# Cinder Block Stand Help



## BakedStuffedHuman (Jul 9, 2007)

I'm looking to build a basic stand for my new 40g breeder that is going into the basement.

I don't have a lot of tools and don't care about looks.

So I figured I would just buy 9 cinder blocks for the stand.

Three would to on one side, Three in the middle. Three on the last side.

My question though is the top part.

I was going to lay 2x4's across the top to support the aquarium.

Do I need to take it a step further and place plywood over the 2x4's?

Can the 2x4's support the tank if they are without spaces in between without damaging the tank?


----------



## OverStocked (May 26, 2007)

You could just use half inch or 3/4 ply instead of 2x4s. Be much better safety for tank. Supporting ALL of the rims of a tank is important, as it is what carries all the weight. Not supporting parts can cause/allow them to drop. When glass droops--baaaad.


----------



## Hoppy (Dec 24, 2005)

I would glue two 3/4 plywood panels together and use that for the top. Since the tank is 18 inches by 36 inches, and the concrete blocks are only 16 inches long, the rim will be outside the columns formed by the blocks along the front and back. But a plywood sandwitch should be able to hold it well enough. And, with three columns there will be no deflection in the middle. If this works out, be sure to add a photo of it to the sticky that has all of the stand photos.


----------



## BakedStuffedHuman (Jul 9, 2007)

I would actually use three blocks under each corner.

The 2x4's wouldn't have any space between them. It would be like an outside deck.

Would I still need the plywood if all sides were more or less equally supported?


----------



## Postal Penguin (Mar 30, 2009)

I personally would not use just the 2x4s like a deck on top of the cinder blocks. Reason being is that if even one 2x4 is larger, warped a bit, etc the tank will not be supported evenly. I would still get a sheet of plywood(I think Home Depot, etc will cut it for you) and place that over the 2x4s. Or if you'd rather not, get a sheet of rigid foam insulation to place between the tank and 2x4s so any uneveness is leveled out.
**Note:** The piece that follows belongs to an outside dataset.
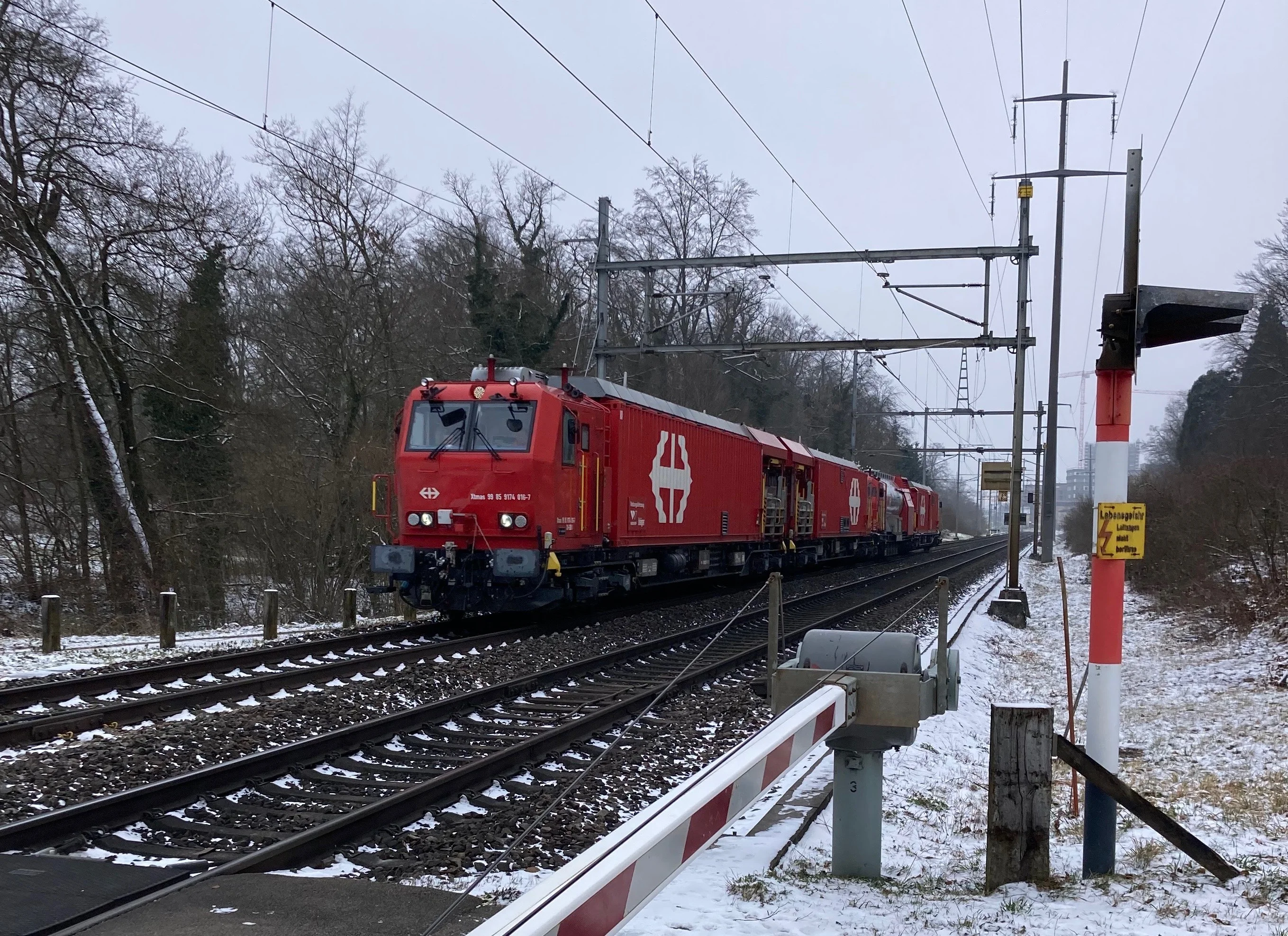 Es soll nicht unerwähnt bleiben: So schön die Landschaft hier auch ist, Lärmempfindliche werden auf meiner heutigen Wanderung während der kommenden zwei Stunden auf eine harte Probe gestellt. Immerhin ist für Abwechslung gesorgt; die Akteure wechseln ständig. Vorerst ist es die nahe Strasse, welche hier mitten durchs Ried führt. Als ich nördlich von Altburg die Bahngleise überquere, beginnt das Andreaskreuz zu lärmen und rot zu blinken. Ich flüchte mich auf die andere Seite und warte dort auf den angekündigten Zug. Beim Näherkommen übertönt er bald den Strassenlärm. Das kann keine S-Bahn sein, sagt der Bähnler in mir. Tatsächlich: Es ist der von einer Diesellokomotive angetriebene rote Hilfszug, der bei Unfällen zum Einsatz kommt. Ich hoffe, es handle sich nur um eine Probefahrt.

I currently have 1/2" ply on top of my stand and its supported by 2x6s around the edge and 2 2x4s in the middle. No deflection of any kind, the stuff is strong.


----------



## nokturnalkid (Apr 3, 2007)

If you wanted to go 3 high, I would go with 12 blocks instead. Stack them 3 high and face the longer side along the face of the tank. That way, you only get ~4 on the front and back and ~2 on the sides that won't be supported. That with a 3/4 plywood top should be more than enough. If you have a hd or lowes nearby, check the scrap bins, they have half sheets for only a couple bucks and they will cut it for you. Since the blocks only cost a couple bucks, you can have a solid stand for under $40. Get a table cloth and staple it to the plywood and it will look half way decent.


----------



## xmas_one (Feb 5, 2010)

I'd skip the bricks in the middle, you don't want a teeter totter going on. Also styrofoam is your friend...


----------



## CL (Mar 13, 2008)

Another vote for plywood. I did this very thing for my 24x18" tank. Sandwiched the plywood like what hoppy suggested.
No need for 2x4s. They would only make things more difficult








BTW, a couple of years ago there used to be a user named bakedstuffedham.
The name always made me laugh a bit


----------



## xmas_one (Feb 5, 2010)

^^^ That looks proper!


----------



## jinx© (Oct 17, 2007)

x3 on the plywood sandwich. roud:

I just finished building a stand for a 30g Oceanic cube using a sturdy nightstand type table I had laying around. 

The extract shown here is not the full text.